*Accompanying code examples of the book "Introduction to Artificial Neural Networks and Deep Learning: A Practical Guide with Applications in Python" by [Sebastian Raschka](https://sebastianraschka.com). All code examples are released under the [MIT license](https://github.com/rasbt/deep-learning-book/blob/master/LICENSE). If you find this content useful, please consider supporting the work by buying a [copy of the book](https://leanpub.com/ann-and-deeplearning).*
  
Other code examples and content are available on [GitHub](https://github.com/rasbt/deep-learning-book). The PDF and ebook versions of the book are available through [Leanpub](https://leanpub.com/ann-and-deeplearning).

In [1]:
%load_ext watermark
%watermark -a 'Sebastian Raschka' -v -p torch

Author: Sebastian Raschka

Python implementation: CPython
Python version       : 3.11.11
IPython version      : 9.0.2

torch: 2.6.0+cu126



- Runs on CPU or GPU (if available)

# Model Zoo -- All-Convolutional Neural Network

Simple convolutional neural network that uses stride=2 every 2nd convolutional layer, instead of max pooling, to reduce the feature maps. Loosely based on

- Springenberg, Jost Tobias, Alexey Dosovitskiy, Thomas Brox, and Martin Riedmiller. "Striving for simplicity: The all convolutional net." arXiv preprint arXiv:1412.6806 (2014).

## Imports

In [2]:
import time
import numpy as np
import torch
import torch.nn.functional as F
from torchvision import datasets
from torchvision import transforms
from torch.utils.data import DataLoader


if torch.cuda.is_available():
    torch.backends.cudnn.deterministic = True

## Settings and Dataset

In [5]:
##########################
### 参数设置
##########################

# 选择设备：如果有可用的GPU则使用 cuda:0，否则使用 CPU
device = torch.device("cuda:0" if torch.cuda.is_available() else "cpu")

# 超参数设置
random_seed = 1          # 随机种子，保证结果可复现
learning_rate = 0.001    # 学习率
num_epochs = 15          # 训练轮数
batch_size = 256         # 每个 batch 的样本数

# 模型输出类别数（MNIST 是 10 类：数字 0~9）
num_classes = 10


##########################
### MNIST 数据集加载
##########################

# 注意：transforms.ToTensor() 会将图像像素值缩放到 0-1 范围

# 加载训练集
train_dataset = datasets.MNIST(root='data', 
                               train=True, 
                               transform=transforms.ToTensor(),
                               download=True)

# 加载测试集
test_dataset = datasets.MNIST(root='data', 
                              train=False, 
                              transform=transforms.ToTensor())

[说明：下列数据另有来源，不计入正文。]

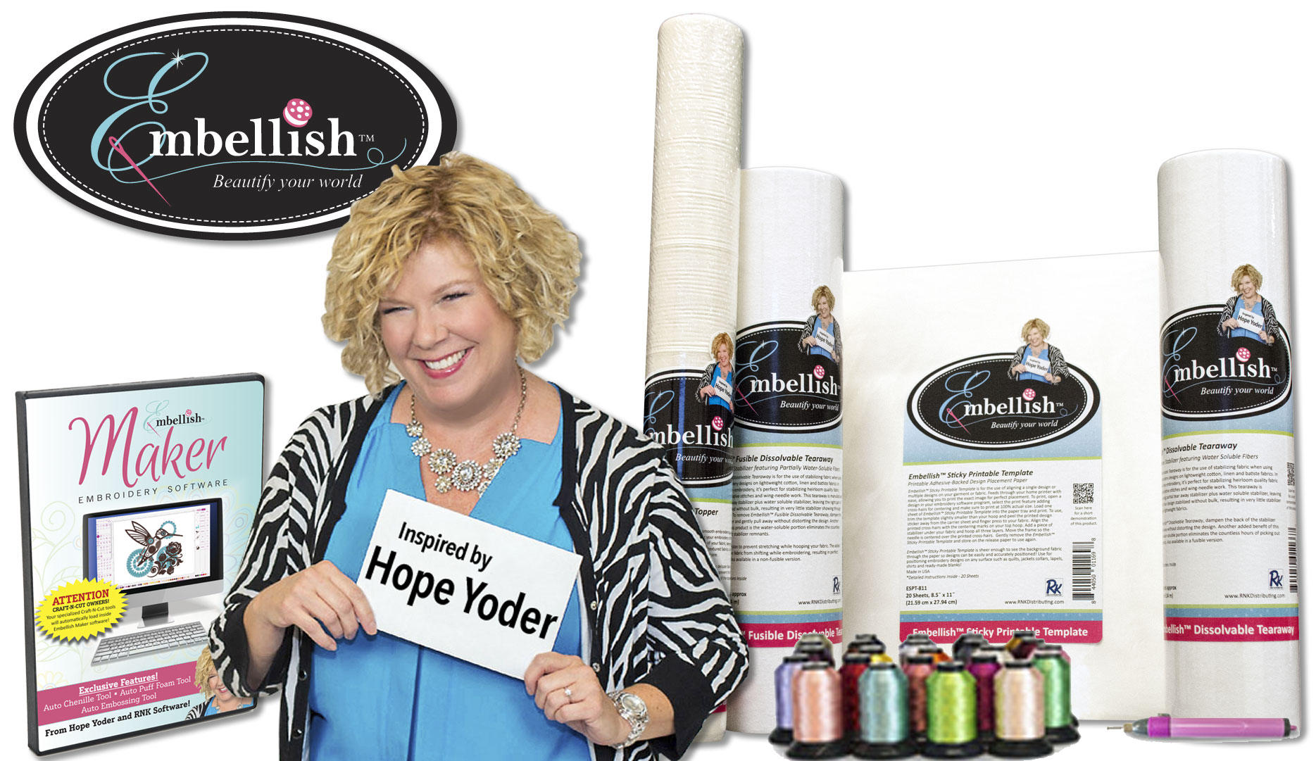 I want to introduce myself. My name is Hope Yoder and I am an avid machine embroiderer, crafter and Sewist. I am also the owner of Designs By Hope Yoder, a machine Embroidery company specializing in designs for the home sewing industry and the face of Craft-N-Cut™ software (crafting software in the Quilter’s Select™ line from RNK Distributing).
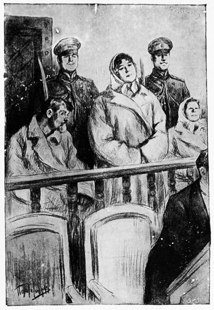 THE DEFENDANTS “The third prisoner was Maslova” (From an illustration by Pasternak in the English Edition of “Resurrection,” reproduced by kind permission of Mr. F. R. Henderson) |
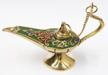 Aladin’s Wunderlampe aus Messing, Oberfläche farbig emailliert. Länge 10.5cm, Höhe am Griff gemessn 7.5cm. Fr. 15.-
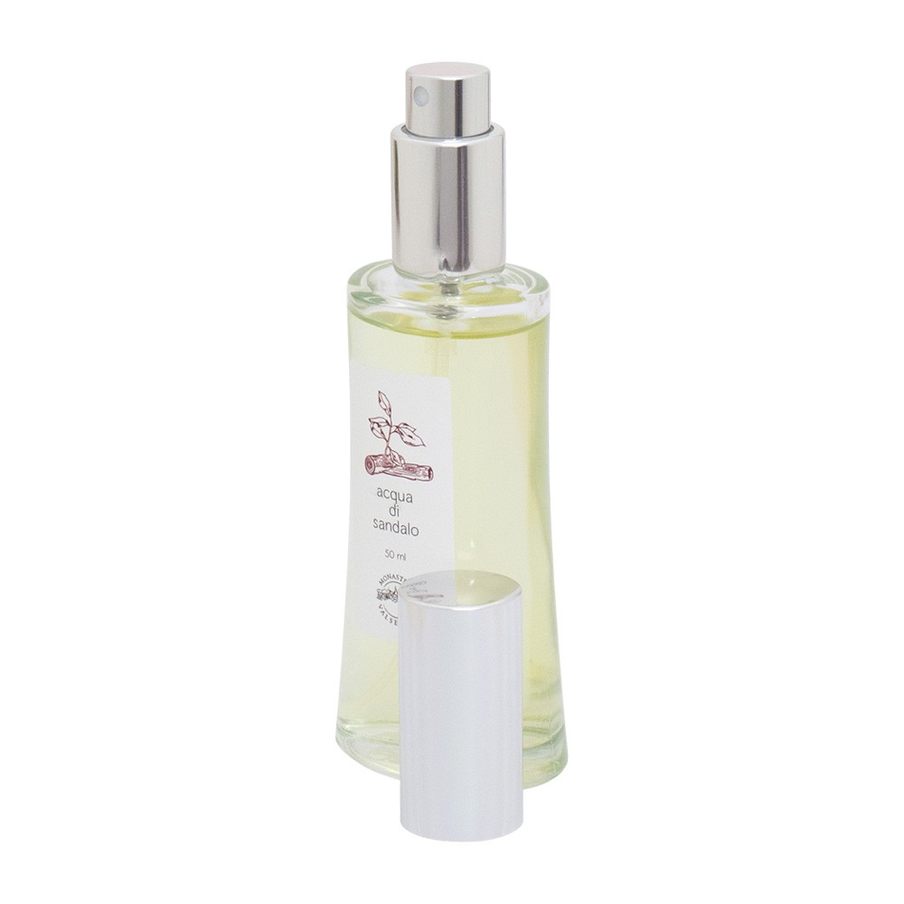 Sandalwood Perfumed Water, a dry and intense fragrance handcrafted by the nuns of Valserena Monastery.

# 创建训练集的 DataLoader，打乱顺序用于训练
train_loader = DataLoader(dataset=train_dataset, 
                          batch_size=batch_size, 
                          shuffle=True)

# 创建测试集的 DataLoader，顺序不打乱
test_loader = DataLoader(dataset=test_dataset, 
                         batch_size=batch_size, 
                         shuffle=False)

# 查看训练集中一个 batch 的数据维度
for images, labels in train_loader:  
    print('图像批次维度:', images.shape)    # e.g. [256, 1, 28, 28]
    print('标签批次维度:', labels.shape)    # e.g. [256]
    break


图像批次维度: torch.Size([256, 1, 28, 28])
标签批次维度: torch.Size([256])


## Model

In [6]:
##########################
### 模型定义
##########################

class ConvNet(torch.nn.Module):

    def __init__(self, num_classes):
        super(ConvNet, self).__init__()
        
        self.num_classes = num_classes

        # 计算 "same padding" 的公式：
        # (w - k + 2*p) / s + 1 = o
        # 推导：p = (s(o-1) - w + k) / 2

        # 输入图像：28x28x1 => 输出：28x28x4
        self.conv_1 = torch.nn.Conv2d(in_channels=1,
                                      out_channels=4,
                                      kernel_size=(3, 3),
                                      stride=(1, 1),
                                      padding=1)  # 保持尺寸不变，padding=1

        # 下采样一半：28x28x4 => 14x14x4
        self.conv_2 = torch.nn.Conv2d(in_channels=4,
                                      out_channels=4,
                                      kernel_size=(3, 3),
                                      stride=(2, 2),
                                      padding=1)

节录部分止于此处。